### Records for processing
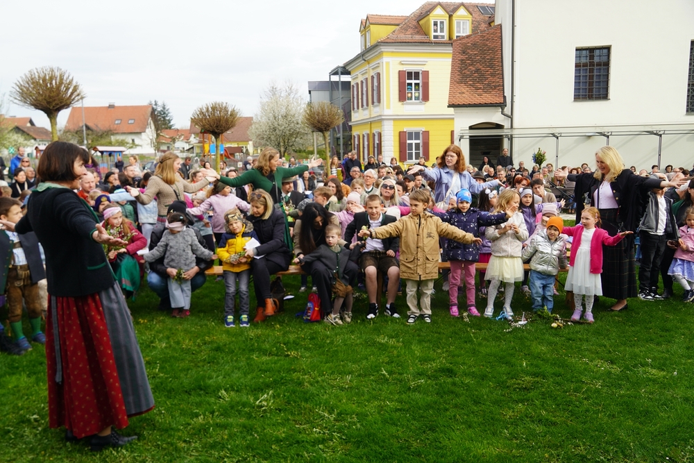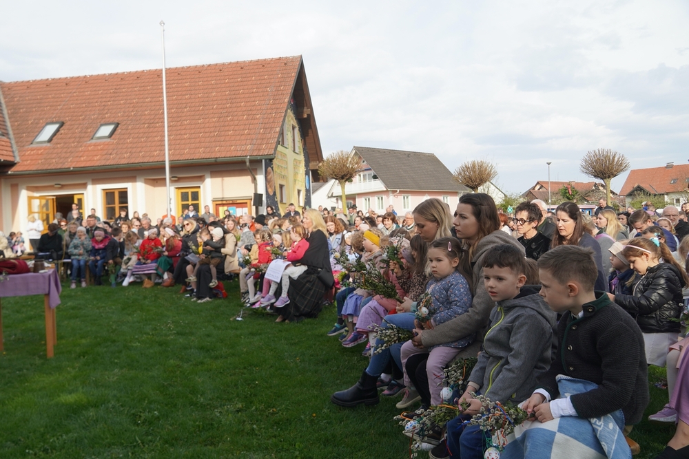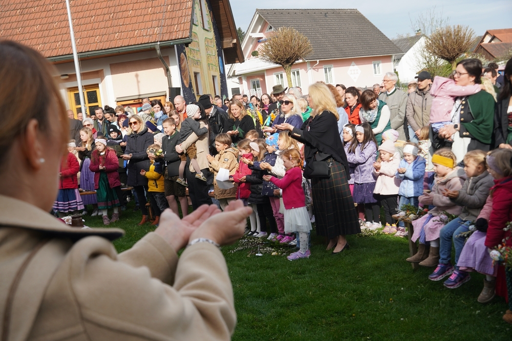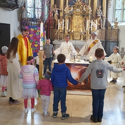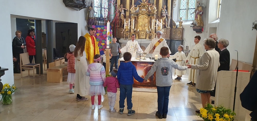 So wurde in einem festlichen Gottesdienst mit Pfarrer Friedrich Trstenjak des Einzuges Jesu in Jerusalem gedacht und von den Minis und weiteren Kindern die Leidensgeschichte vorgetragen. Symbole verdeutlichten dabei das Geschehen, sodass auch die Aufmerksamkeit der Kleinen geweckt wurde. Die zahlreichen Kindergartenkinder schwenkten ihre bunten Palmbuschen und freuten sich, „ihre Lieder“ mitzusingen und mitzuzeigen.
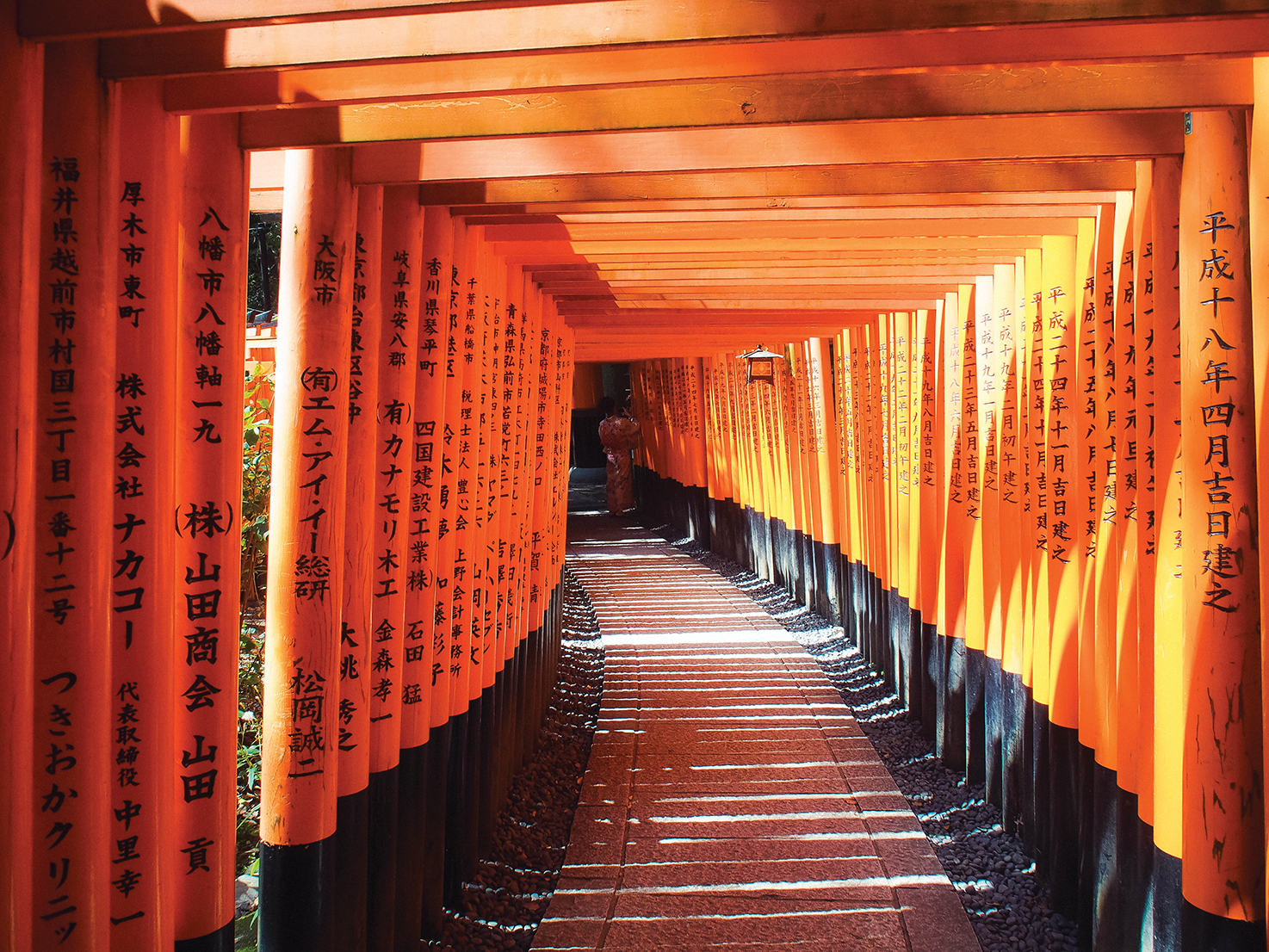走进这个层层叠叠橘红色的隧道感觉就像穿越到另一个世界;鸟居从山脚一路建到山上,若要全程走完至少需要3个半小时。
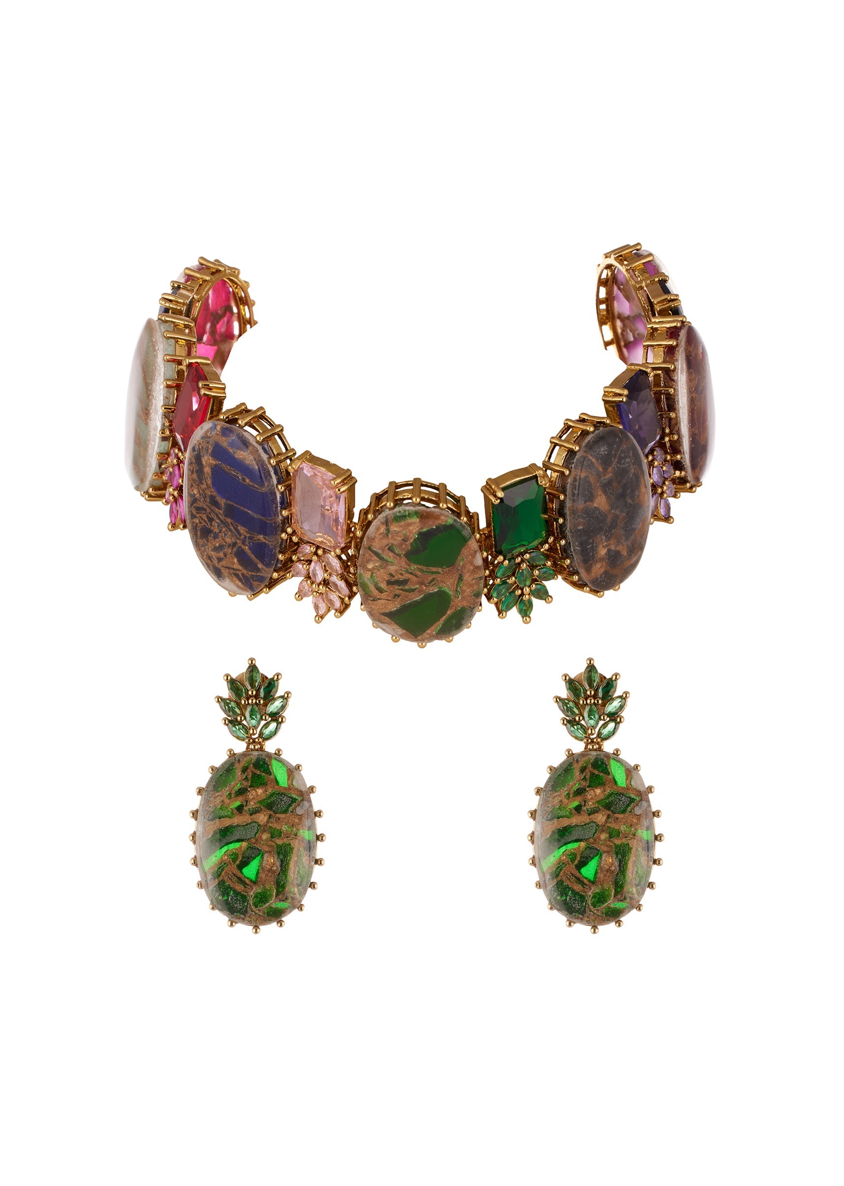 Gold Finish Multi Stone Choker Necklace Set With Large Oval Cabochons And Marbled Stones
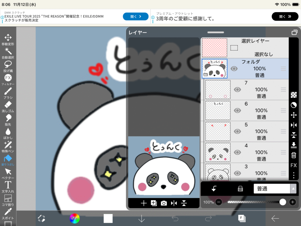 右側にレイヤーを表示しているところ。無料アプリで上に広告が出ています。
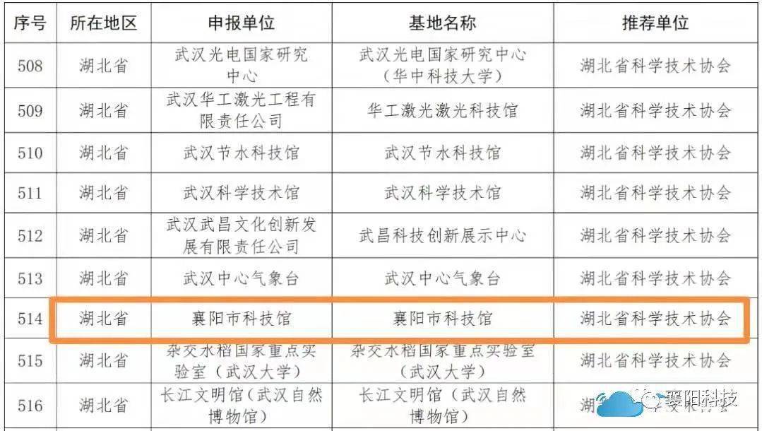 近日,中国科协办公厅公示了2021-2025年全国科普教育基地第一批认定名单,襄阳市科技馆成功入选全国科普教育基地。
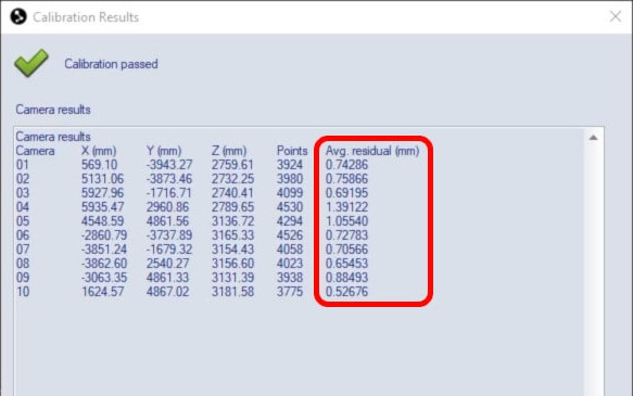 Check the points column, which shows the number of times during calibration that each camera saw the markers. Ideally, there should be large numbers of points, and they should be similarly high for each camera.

### Task
Everything in the records should be repeated exactly except the images.

### Solution to this problem
 So wurde in einem festlichen Gottesdienst mit Pfarrer Friedrich Trstenjak des Einzuges Jesu in Jerusalem gedacht und von den Minis und weiteren Kindern die Leidensgeschichte vorgetragen. Symbole verdeutlichten dabei das Geschehen, sodass auch die Aufmerksamkeit der Kleinen geweckt wurde. Die zahlreichen Kindergartenkinder schwenkten ihre bunten Palmbuschen und freuten sich, „ihre Lieder“ mitzusingen und mitzuzeigen.
走进这个层层叠叠橘红色的隧道感觉就像穿越到另一个世界;鸟居从山脚一路建到山上,若要全程走完至少需要3个半小时。
 Gold Finish Multi Stone Choker Necklace Set With Large Oval Cabochons And Marbled Stones
 右側にレイヤーを表示しているところ。無料アプリで上に広告が出ています。
 近日,中国科协办公厅公示了2021-2025年全国科普教育基地第一批认定名单,襄阳市科技馆成功入选全国科普教育基地。
 Check the points column, which shows the number of times during calibration that each camera saw the markers. Ideally, there should be large numbers of points, and they should be similarly high for each camera.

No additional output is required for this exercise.